● **Problem details**
All of the data that follows is to be written out exactly, with images excluded.
--- Recorded information ---
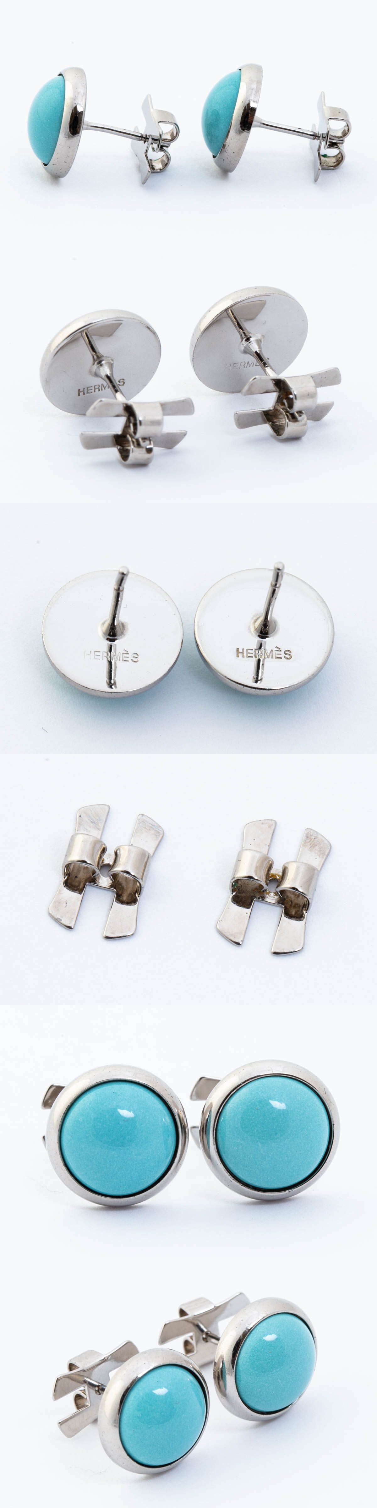 HERMES エルメス ラウンド ピアス エクリプス ライトブルー×シルバーカラー スタッド レディース アクセサリー #28417
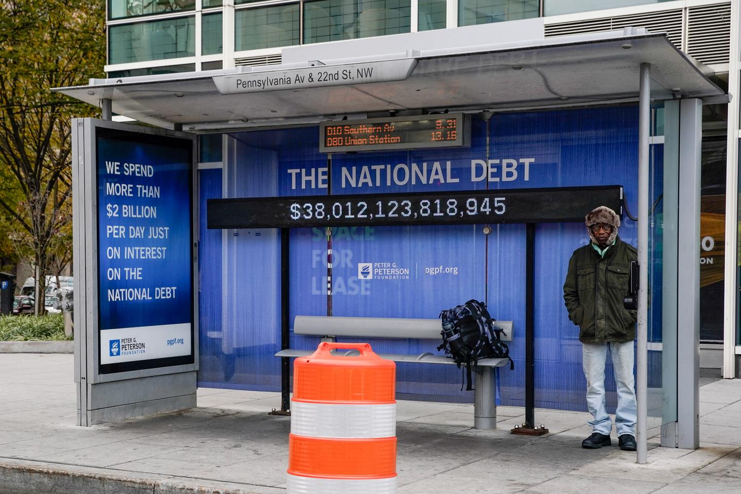 Vue d’un abribus où est affichée la dette nationale américaine, par habitant et pour l’ensemble du pays, à Washington, le 28 octobre 2025. JEMAL …
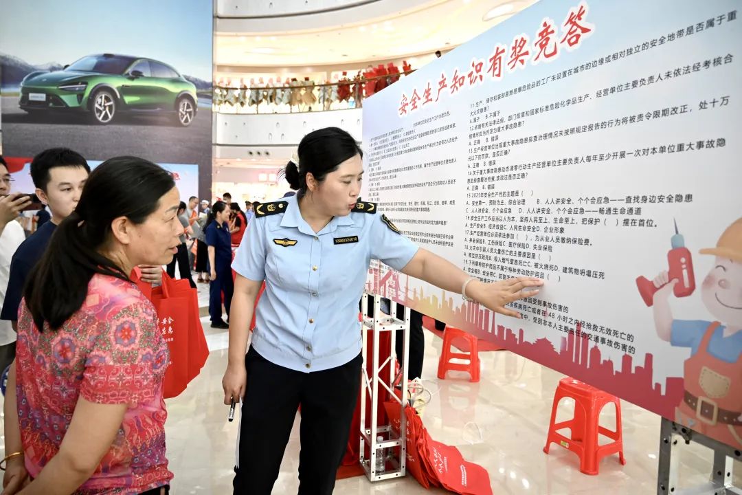 活动现场,区应急管理局、消防救援大队等19个单位,通过设立现场咨询台、摆放展板、发放安全生产宣传资料、有奖竞答等方式,向群众宣传普及生产、道路交通、消防、用电、燃气等方面安全知识,面对面解答群众疑问。值得一提的是,省“人民满意的公务员”倪梅娟也参与现场宣传,面对面为群众讲解食品安全等相关知识,守护群众“舌尖上的安全”。
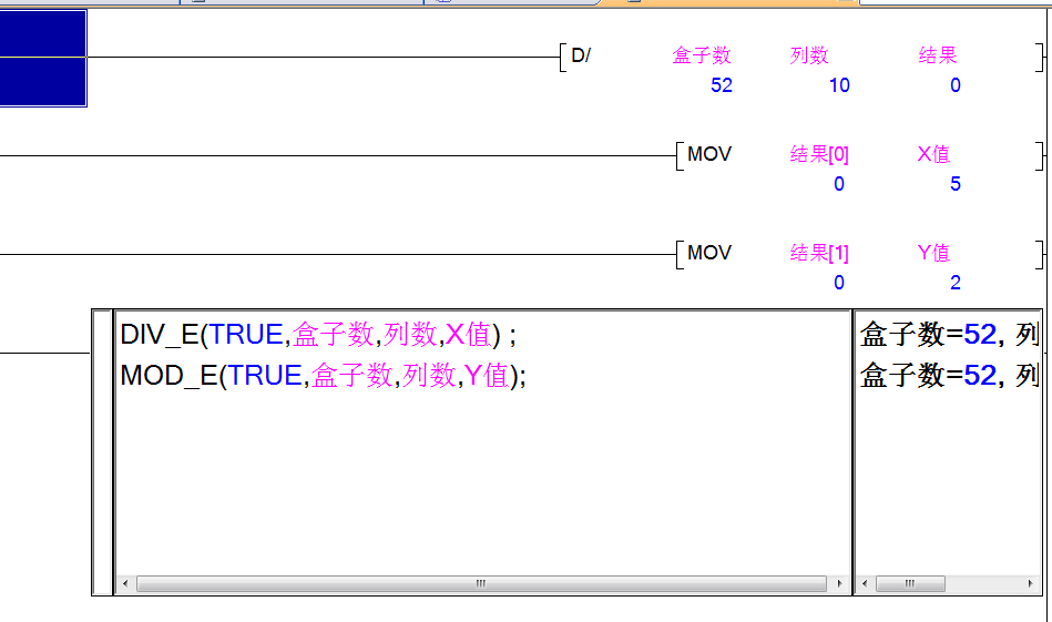 之所以用到變址是因為在FB塊中用到除法,除法的結(jié)果和余數(shù)是相鄰地址兩個D,需要用到余數(shù)
---
● **Answer**
 HERMES エルメス ラウンド ピアス エクリプス ライトブルー×シルバーカラー スタッド レディース アクセサリー #28417
 Vue d’un abribus où est affichée la dette nationale américaine, par habitant et pour l’ensemble du pays, à Washington, le 28 octobre 2025. JEMAL …
 活动现场,区应急管理局、消防救援大队等19个单位,通过设立现场咨询台、摆放展板、发放安全生产宣传资料、有奖竞答等方式,向群众宣传普及生产、道路交通、消防、用电、燃气等方面安全知识,面对面解答群众疑问。值得一提的是,省“人民满意的公务员”倪梅娟也参与现场宣传,面对面为群众讲解食品安全等相关知识,守护群众“舌尖上的安全”。
 之所以用到變址是因為在FB塊中用到除法,除法的結(jié)果和余數(shù)是相鄰地址兩個D,需要用到余數(shù)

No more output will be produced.